# 40 Gallon Breeder Planted Aquarium



## psych (Jan 7, 2013)

Black Diamond blasting sand is black. It's cheap. And available at most tractor supply stores from what I hear. I believe it's inert so you would have to add your own ferts. Root tabs or something, I would assume. I don't have personal experience with it but was considering using it and did some research. A quick search on this forum for black diamond might lead you to a thread where people posted pictures so you can have an idea of what you're looking like. The internet says it's $7.99 for a 50 lb bag so that would probably meet your "not too expensive" criteria as well. Certainly cheaper than $20 for a 20 lb bag of eco complete. 

Also, it's worth mentioning I've seen people go back and forth on whether or not its safe for cory's due to its somewhat abrasive nature but many people have had no problems. Again, no personal experience here. 

I'll try and find the link.

*Edit* Success! http://www.plantedtank.net/forums/showthread.php?t=153192

Some people have managed to create some awesome looking tanks.


----------



## latchdan (Sep 7, 2007)

I'm using Safe-T-Sorb, I also am starting a 40B, cost about 10 bucks for 80lbs. Tractor supply also sells it. (I got more then I'll use though.) It looks similar to seachems flourite if you know what that looks like.


----------



## 34KING18 (Aug 1, 2014)

Is it inert? I'd like something that is not inert and that I would not need to add ferts.


----------



## latchdan (Sep 7, 2007)

34KING18 said:


> Is it inert? I'd like something that is not inert and that I would not need to add ferts.

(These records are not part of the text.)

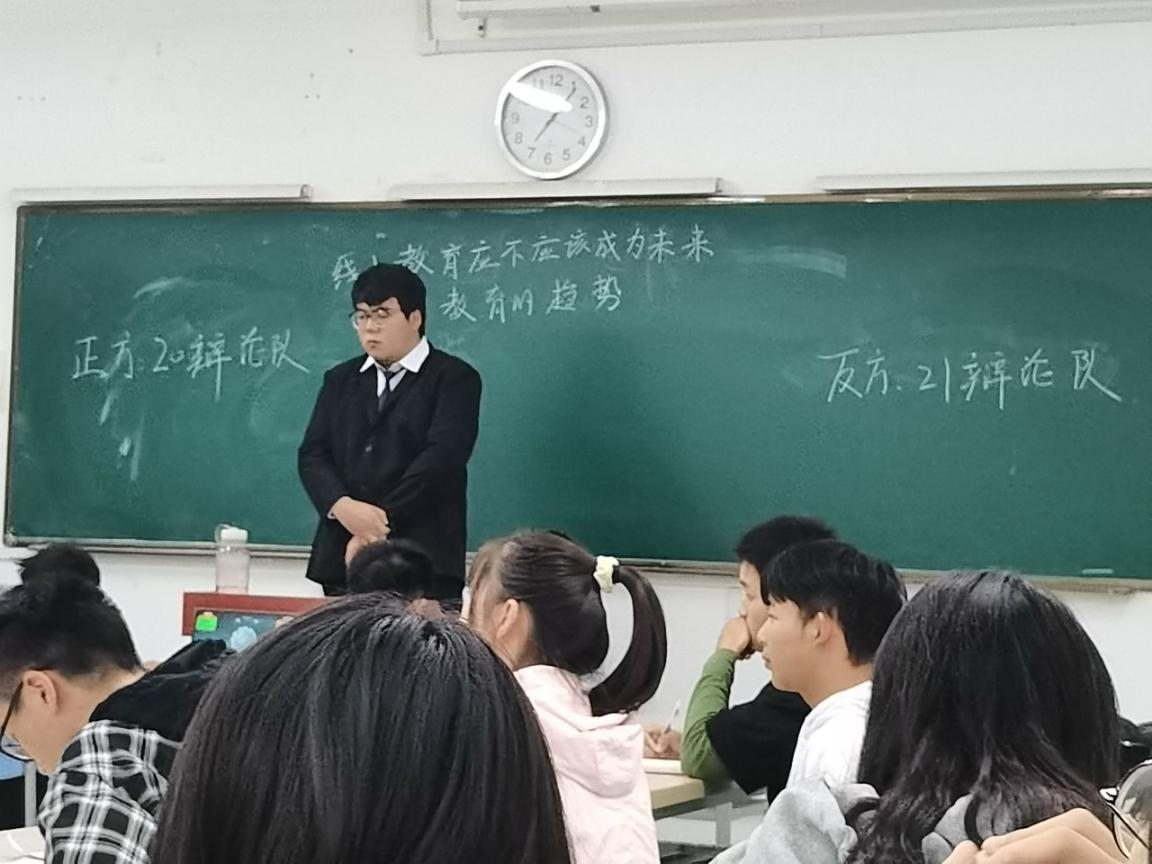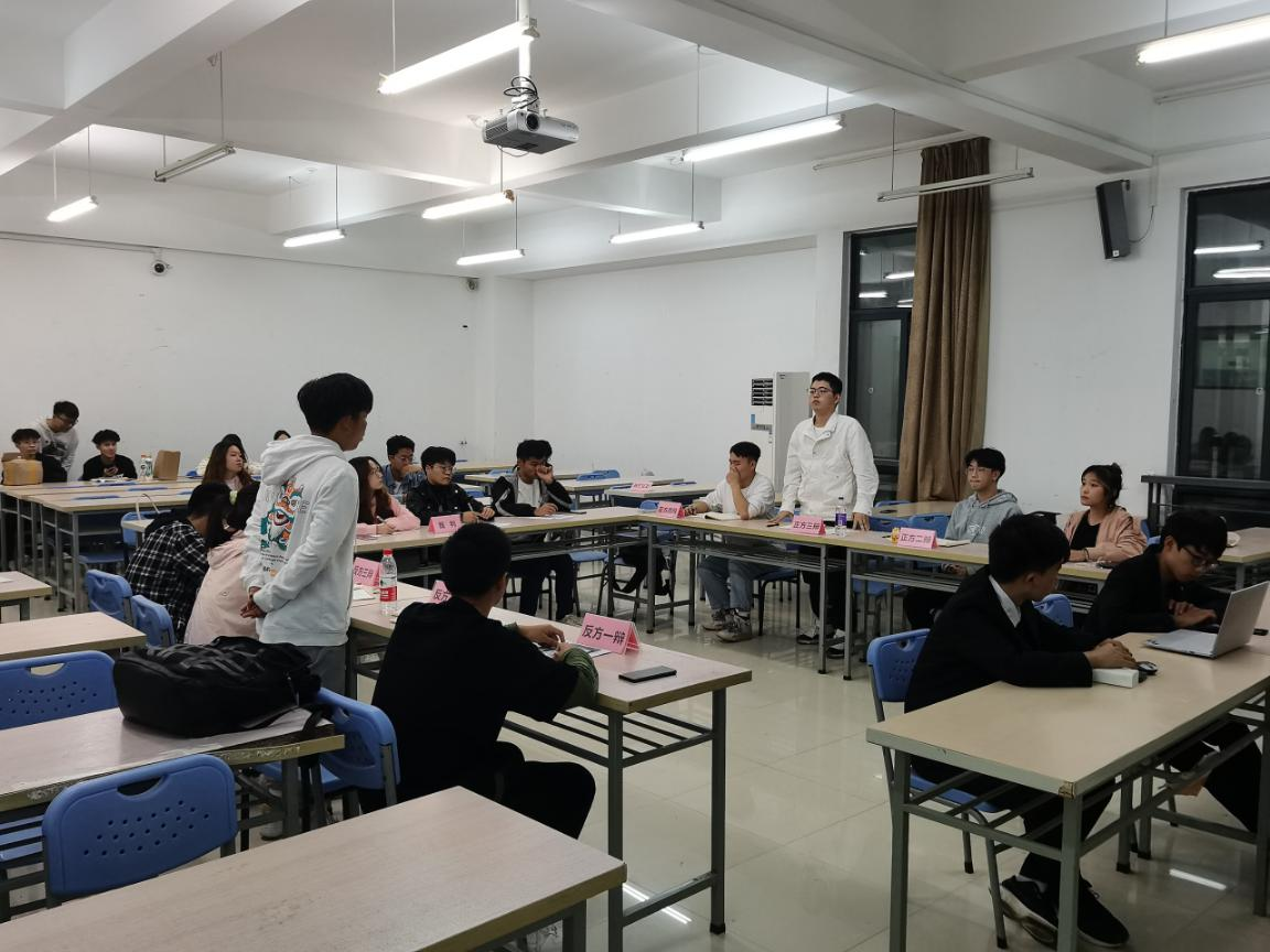 比賽伊始,現場可謂是“無聲之處勝有聲”,火藥味十足;帥氣的裁判,身著正裝,挺拔著身姿;辯手們更有著戰士們一往無前的氣勢。在主持人鏗鏘有力地宣講比賽事宜和雙方辯手進行簡潔的自我介紹后,比賽正式開始。兩隊就線上教育應不應該成為未來的教育趨勢的問題展開辯論。雙方選手在立論,駁立論,智辯等環節中據理力爭,引經據典,字字珠璣,使現場氣氛迅速升溫。在隨后的自由辯中20辯論隊辯手們咬緊牙關,在劣勢的情況下背水一戰。而21辯論隊對對方步步緊逼,力破對手防御,雙方唇槍舌戰。正方言語犀利,反方辯述簡明有力,雙方你來我往,互不相讓的激烈辯論給聽眾帶來了一場視聽盛宴。而經過這場充滿硝煙的角逐,最終以21辯論隊本次比賽中勝出。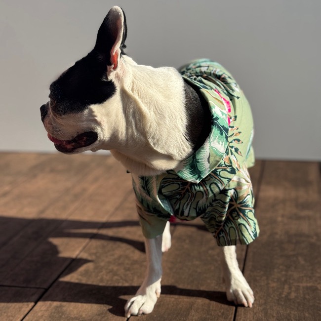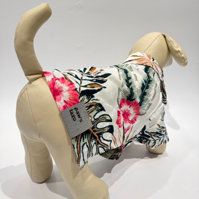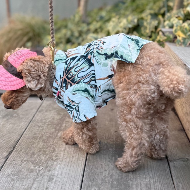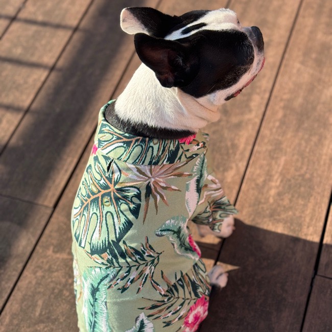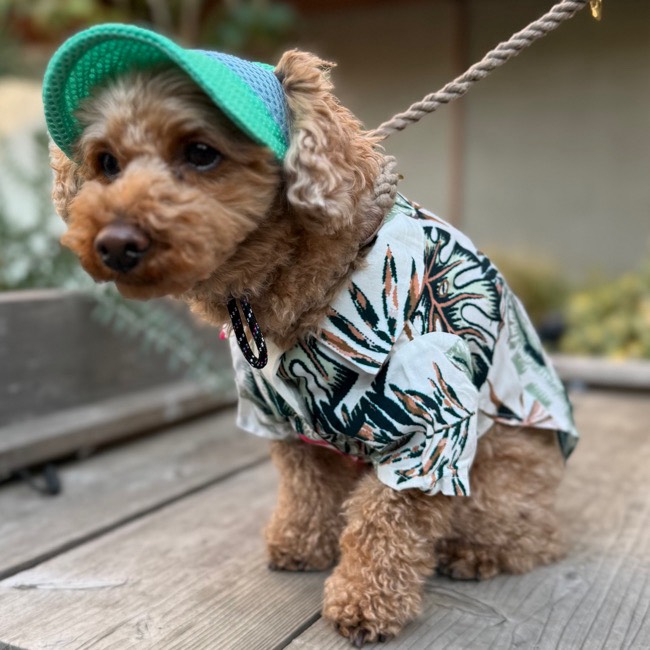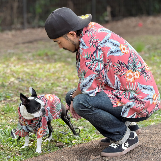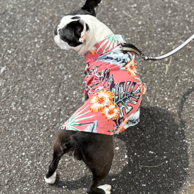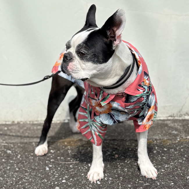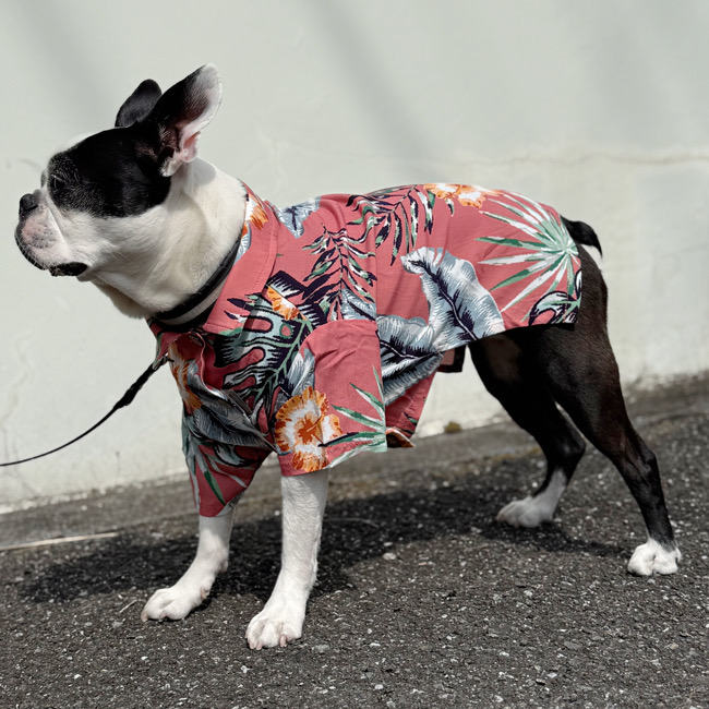 とろみのあるレーヨン素材のアロハシャツはリゾートムードたっぷりに。 第一釦より下はマジックテープで着脱が簡単です。 オーナーとリンクコーデで夏を満喫! モデル体重 Toy poodle 4㎏ 着用サイズM Boston terrier 7㎏ 着用サイズXL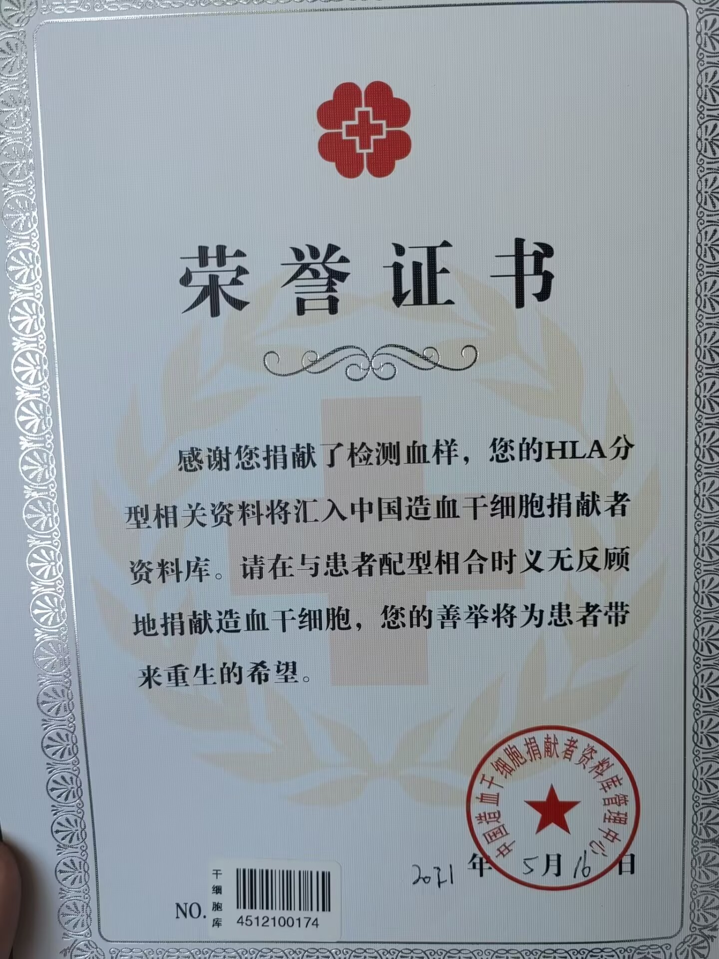 身为当代大学生,刘博文热心公益事业,自2019年入学以来,已累计献血5次。在2021年5月16日的一次献血中,他了解到捐献造血干细胞的相关信息。医生告诉他可以留存一部分血样入库,用于造血干细胞的配型。身为生物技术专业的学生,他对造血干细胞的医疗价值有一定的了解,想到或许自己的小小举动可以挽救他人的生命,他毫不犹豫地签订了相关手续,并当即同意多抽几毫升血样。他的相关信息也就此录入了中国造血干细胞捐献者资料库。

You will have to add something eventually.


----------



## FatherLandDescendant (Jul 24, 2014)

I mixed a 20lb bag of eco-compleat with a smal guage smooth finish aquarium gravel from wallymart on top of a thin peat layer. I have a 3" or 4" substrate layer in my 40b. The rooted plants are taking to it just fine it seems, though I think some root tabs are in order. The growth on my swords is good, as well as the other various rooted plants in my mishmosh collection.


----------